> _What to produce_
Please return exactly the lines from the top of the data through the line that contains "Вентиляторы 1STPLAYER F1-PLUS", and skip all pictures.
─── Dataset extract ───
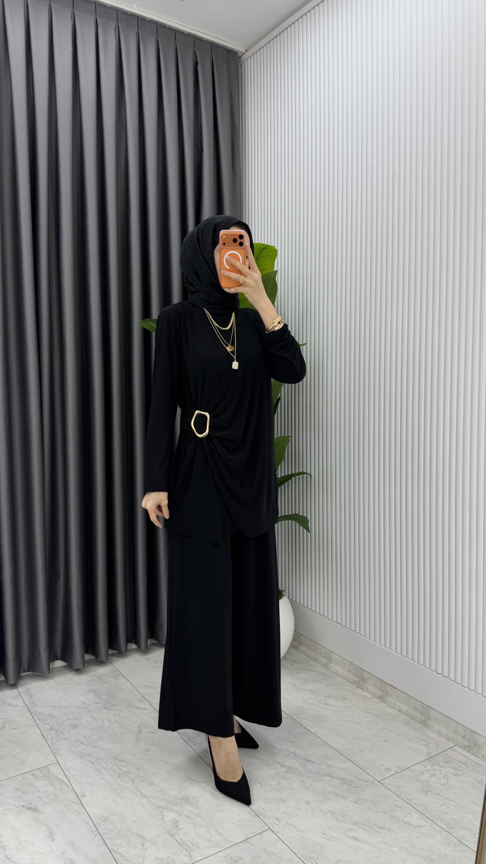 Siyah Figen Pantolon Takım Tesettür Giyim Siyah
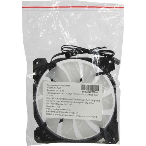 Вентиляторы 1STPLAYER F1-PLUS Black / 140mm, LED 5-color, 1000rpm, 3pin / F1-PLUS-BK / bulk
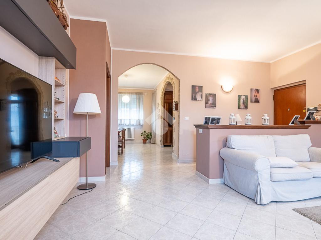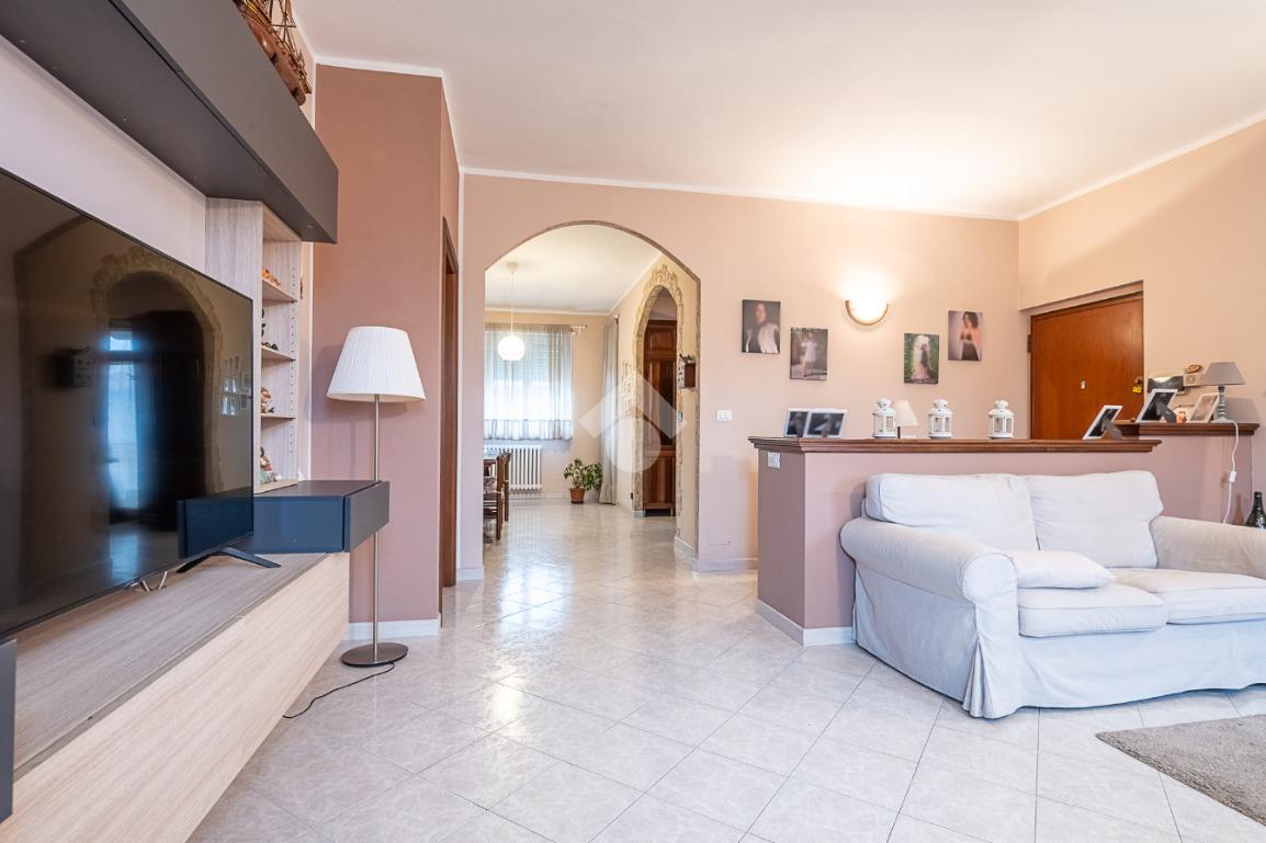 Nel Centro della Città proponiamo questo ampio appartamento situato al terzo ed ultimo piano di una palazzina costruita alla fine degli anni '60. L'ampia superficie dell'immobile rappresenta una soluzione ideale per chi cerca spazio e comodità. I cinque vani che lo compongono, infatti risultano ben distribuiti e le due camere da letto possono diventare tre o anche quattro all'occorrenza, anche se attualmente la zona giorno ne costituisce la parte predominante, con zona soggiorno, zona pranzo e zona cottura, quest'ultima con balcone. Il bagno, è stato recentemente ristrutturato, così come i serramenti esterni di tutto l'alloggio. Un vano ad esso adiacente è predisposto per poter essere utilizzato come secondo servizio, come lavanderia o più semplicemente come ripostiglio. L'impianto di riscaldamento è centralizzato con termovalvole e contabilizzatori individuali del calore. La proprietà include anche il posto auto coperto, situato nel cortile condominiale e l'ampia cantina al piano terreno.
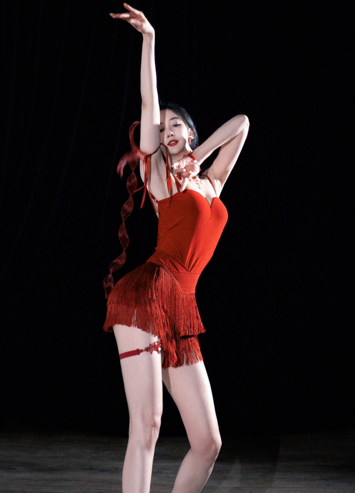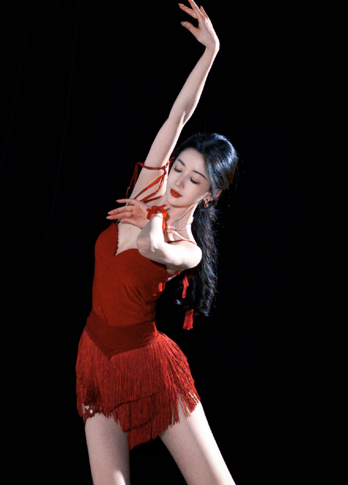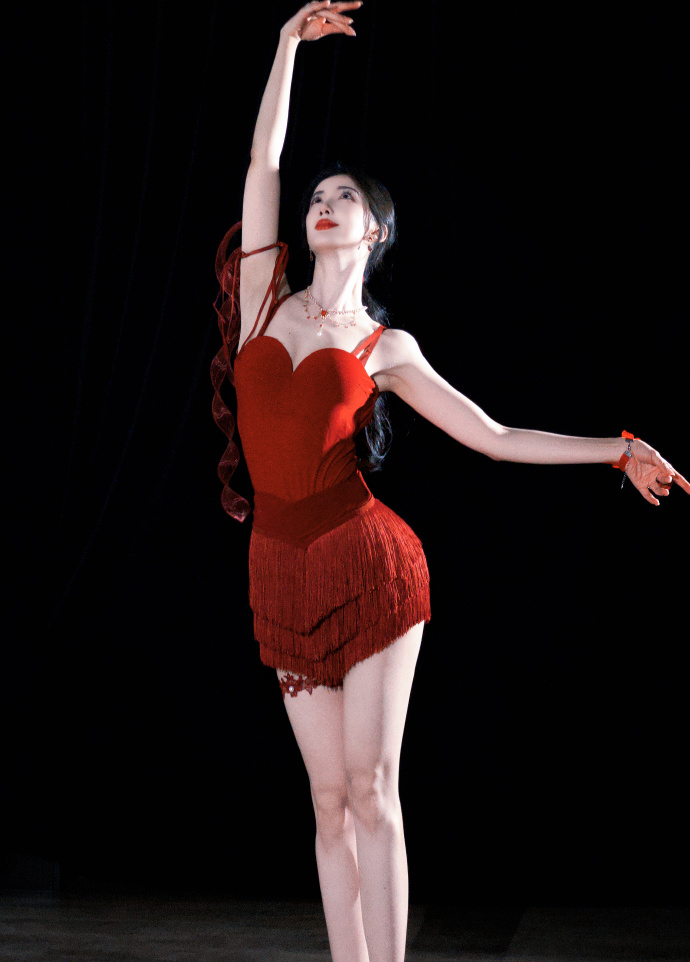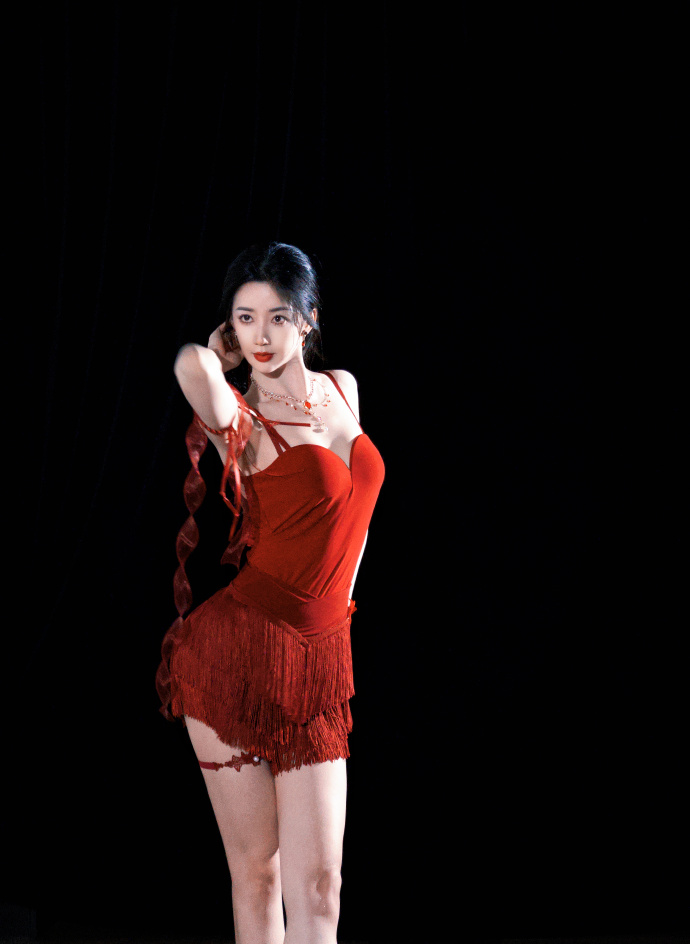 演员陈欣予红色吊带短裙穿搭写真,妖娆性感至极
───
> _Finished task_
 Siyah Figen Pantolon Takım Tesettür Giyim Siyah
 Вентиляторы 1STPLAYER F1-PLUS Black / 140mm, LED 5-color, 1000rpm, 3pin / F1-PLUS-BK / bulk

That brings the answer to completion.